O cardeal Blase Cupich, arcebispo de Chicago, voltou a se posicionar no centro do debate litúrgico ao qualificar a Missa tradicional em latim como “mais um espetáculo do que uma participação ativa de todos os batizados”. As declarações, recolhidas pelo The Catholic Herald, fazem parte de uma reflexão sobre a constituição conciliar Sacrosanctum Concilium, documento chave do Concílio Vaticano II sobre a sagrada liturgia.
Segundo Cupich, as reformas posteriores ao Concílio buscaram “purificar a liturgia” de adaptações acumuladas “ao longo do tempo”, especialmente daqueles elementos que, segundo ele, provinham de “as cortes imperiais e reais”. Tais modificações —sustenta— teriam convertido o culto em uma experiência mais estética do que participativa, e portanto, afastada da intenção original do rito.
“A liturgia deve refletir a Igreja como serva do Senhor, não do poder do mundo”, sublinhou o prelado norte-americano.
Da adoração ao ativismo litúrgico
Para Cupich, o critério de autenticidade na Eucaristia não reside na forma ou na solenidade do rito, mas em sua dimensão social: o grau de “solidariedade com os pobres” que manifesta a comunidade. Chega mesmo a afirmar que a Missa é “o lugar da solidariedade com os pobres em um mundo fraturado”, reinterpretando a liturgia como expressão de compromisso humanitário antes do que como sacrifício redentor.
Essas afirmações refletem uma leitura pastoral da Missa influenciada pela chamada opção pelos pobres, impulsionada após o Concílio. Cupich cita João XXIII e o cardeal Lercaro para sustentar que o Vaticano II marcou um ponto de inflexão na compreensão eclesial dos pobres como centro do plano salvífico de Deus. Segundo ele, a reforma litúrgica foi necessária para expressar melhor essa “Igreja dos pobres”.

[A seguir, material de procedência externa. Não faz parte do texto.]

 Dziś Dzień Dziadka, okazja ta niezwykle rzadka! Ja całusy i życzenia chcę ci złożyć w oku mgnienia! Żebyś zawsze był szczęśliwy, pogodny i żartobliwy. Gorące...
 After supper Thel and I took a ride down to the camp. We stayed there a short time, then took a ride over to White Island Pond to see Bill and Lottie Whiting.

No entanto, essa visão —que equipara a autenticidade do culto com a dimensão social— tem sido duramente questionada por teólogos e fiéis apegados à tradição litúrgica romana, que recordam que a liturgia é antes de tudo o culto a Deus e não uma plataforma de ação social. A Eucaristia, ensinam os Padres e o Magistério, é “o sacrifício de louvor, propiciação e ação de graças”, não um gesto de identidade sociológica.
A ferida litúrgica do pós-concílio
As palavras de Cupich chegam em um contexto de crescente tensão. Desde o motu proprio Traditionis Custodes (2021), que restringe a Missa tradicional, numerosos fiéis e sacerdotes têm experimentado uma nova marginalização dentro da Igreja, precisamente por seu apego à forma litúrgica que durante séculos alimentou a fé católica.

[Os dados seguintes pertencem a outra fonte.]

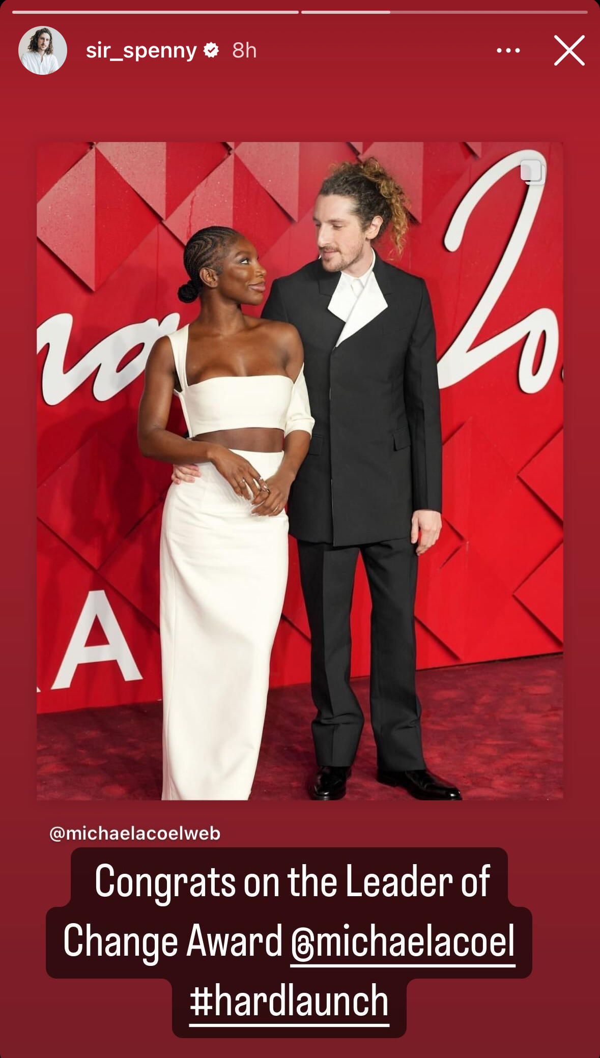 In other Michaela news though, she looks amazing in this Ferragamo look and walked the carpet with Spencer Hewett, a retail and ecommerce entrepreneur, founder of the company Radar. Who… I think?... is now her boyfriend? Because this is what he reposted on Instagram:

A referência do arcebispo de Chicago à Missa tradicional como “espetáculo” tem sido vista por muitos como uma descalificação injusta para com uma comunidade crescente, caracterizada —como mesmo reconhecem seus críticos— por sua devoção, silêncio e reverência. Os defensores da liturgia tridentina recordam que essa forma do rito nunca foi abrogada e que sua beleza tem levado muitos jovens a redescobrir a fé.
Enquanto Cupich reivindica a simplicidade e sobriedade do Novus Ordo como sinal da Igreja serva, o cardeal Raymond Burke celebrava naqueles mesmos dias uma Missa pontifical solene na Basílica de São Pedro, à qual acorreram clérigos e fiéis de todo o mundo. Duas imagens, duas visões: uma Igreja que olha para suas raízes litúrgicas e outra que busca reformular sua identidade em chave moderna.

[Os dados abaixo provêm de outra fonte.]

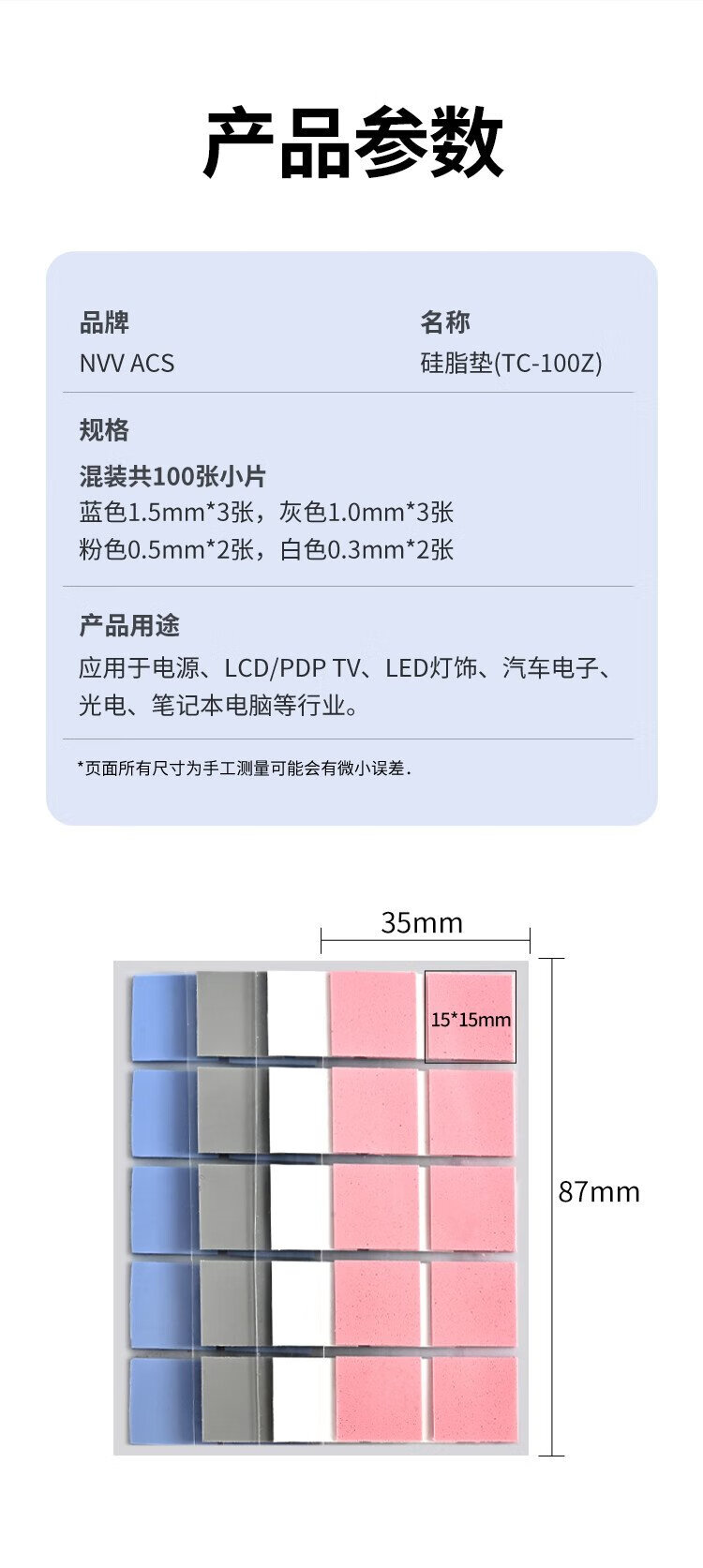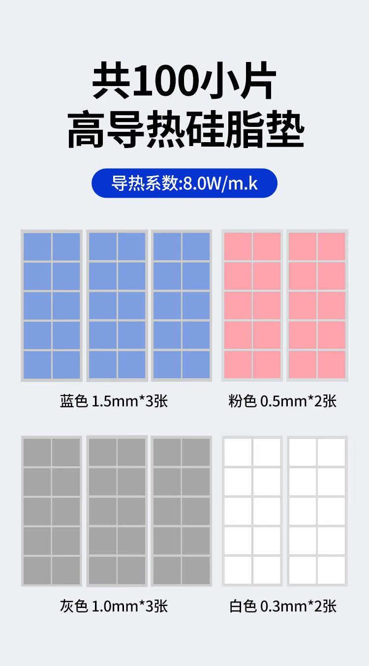 Термопрокладки NVV, 100 шт., силиконовая смазка, силиконовая подставка, охлаждающий патч, твердотельный накопитель, память видеокарты, северный и южный мост, радиатор TC-100Z

Voltar ao sentido do sagrado
A Missa, como ensina o Catecismo, “é o sacrifício mesmo de Cristo, atualização do Calvário sob as espécies sacramentais”. Nenhuma forma litúrgica autêntica pode ser reduzida a “espetáculo”, pois sua essência não radica na estética externa, mas no mistério da presença real e da oferta da Vítima divina. Purificar a liturgia não significa empobrecê-la nem despojá-la de sua linguagem sacra, mas restaurar sua orientação a Deus.
A controvérsia que reavivam as palavras de Cupich põe de manifesto uma ferida não fechada: a do sentido do sagrado no culto católico. Diante daqueles que veem na tradição um obstáculo para a “participação ativa”, cresce o número de fiéis que encontram na Missa tradicional precisamente a participação mais plena: a adoração silenciosa do Mistério.
A arte e a solenidade do rito não são luxos cortesãos, mas linguagem teológica do transcendente. E enquanto houver corações que compreendam que ajoelhar-se ante o altar não é espetáculo, mas fé viva, a Missa seguirá sendo —como seu título o proclama— um autêntico tesouro da fé.